Como definir essas diversas facetas de Colombo? nosso almirante oscilava permanentemente entre três direções: efetuava uma interpretação puramente pragmática e eficaz do mundo exterior quando se tratava de assuntos de navegação; ao procurar explicar a natureza desconhecida e recém-descoberta do Novo Mundo utilizava-se de uma interpretação religiosa, colocada como finalidade última de todas as coisas - na Bíblia deveriam estar contidas todas as explicações daquilo que não conseguia entender; registrava detalhadamente, em seu diário, pássaros, plantas, as cores da América, num relato ecológico do estado da natureza na chagada dos espanhóis, natureza essa que desapareceria lentamente à medida que a colonização avançava.


Essa terceira faceta de Colombo, sua submissão absoluta à beleza da natureza, livre de interpretação, de toda utilidade ou função, é típica de uma mentalidade moderna.

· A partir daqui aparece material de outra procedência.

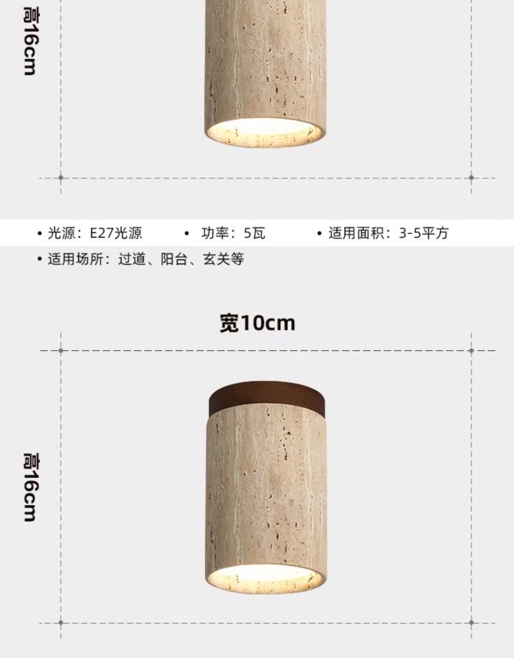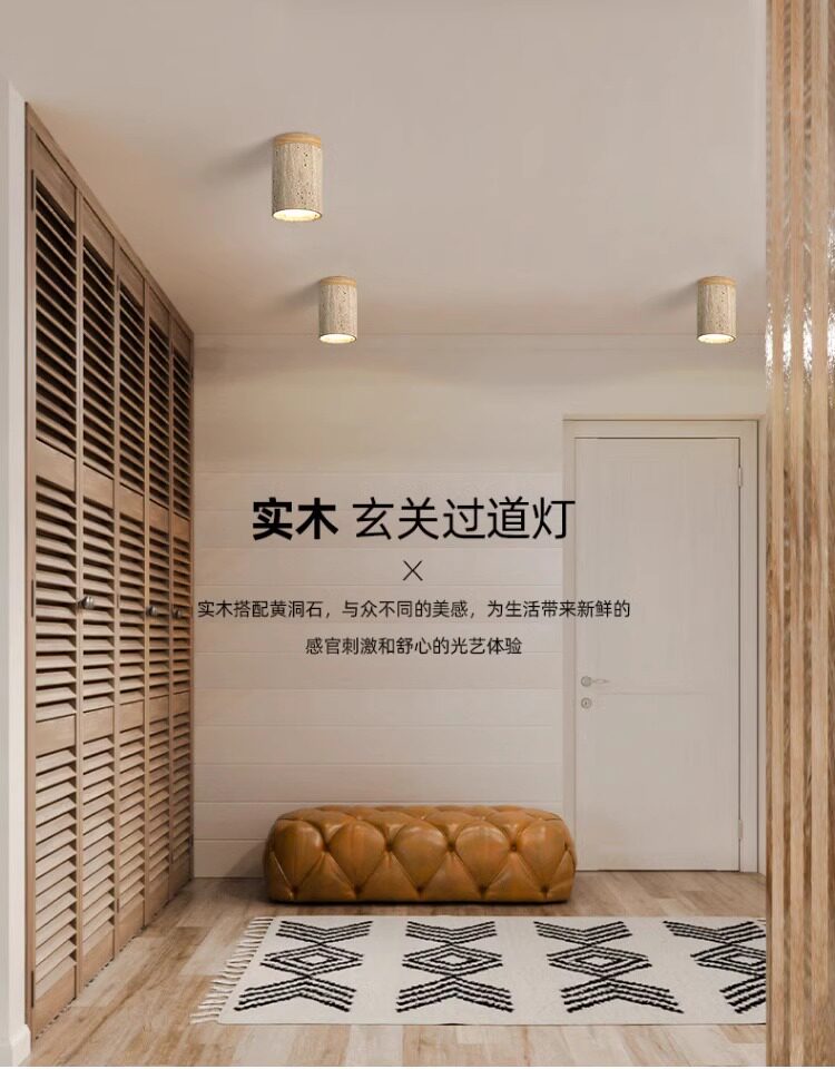 Japanese Wabi-Sabi Style Ceiling Light, Yellow Travertine, Designer Retro Personality Light for Entryway, Corridor, Cloakroom, Balcony

Mas seu comportamento diante dos índios era bem diferente.


Em seus argumentos privilegiava sua autoridade e não sua experiência. Ele pretendia saber de antemão o que viria a encontrar. A experiência concreta está colocada para ilustrar uma ideia que já possuía através das Santas Escrituras, ou da Ciência, que não a contradissesse, e não para ser investigada, questionada. Não se tratava, pois, de encontrar a verdade e sim de procurar confirmações para uma verdade que ele achava conhecer de antemão.


Colombo não se importava com os abusos sexuais ou a violência de seus homens com os índios, mas se preocupava muito quando se tratava de seu patrimônio. Durante sua administração não duvidara em mandar enforcar aqueles que se negavam a pagar sua parte no botim da conquista, fixado e concedido pelo contrato com os reis católicos em 10% das rendas conseguidas na exploração das Índias.


O acordo comercial também estabelecia outros 12% sobre os lucros das expedições que ele patrocinasse, concedendo-lhe o título de vice-rei e governador perpétuo das Índias. O desmando e as arbitrariedades de sua administração lhe valerão a prisão e o retorno para a Espanha, auto-acorrentado como protesto pessoal pelo descumprimento do contrato com os reis da Espanha.


Com a morte de Isabel, perdera sua proteção, seu prestígio, seus títulos e suas riquezas. Morreu solitário e pobre num mosteiro, obrigando seu filho a jurar que utilizaria as riquezas, que supunha seriam devolvidas pela Coroa da Espanha, para financiar a última cruzada contra os árabes. Triste fim para o Almirante.


PEREGALI, Enrique. A América que os europeus encontraram. São Paulo: Atual, 2011. p. 75-77.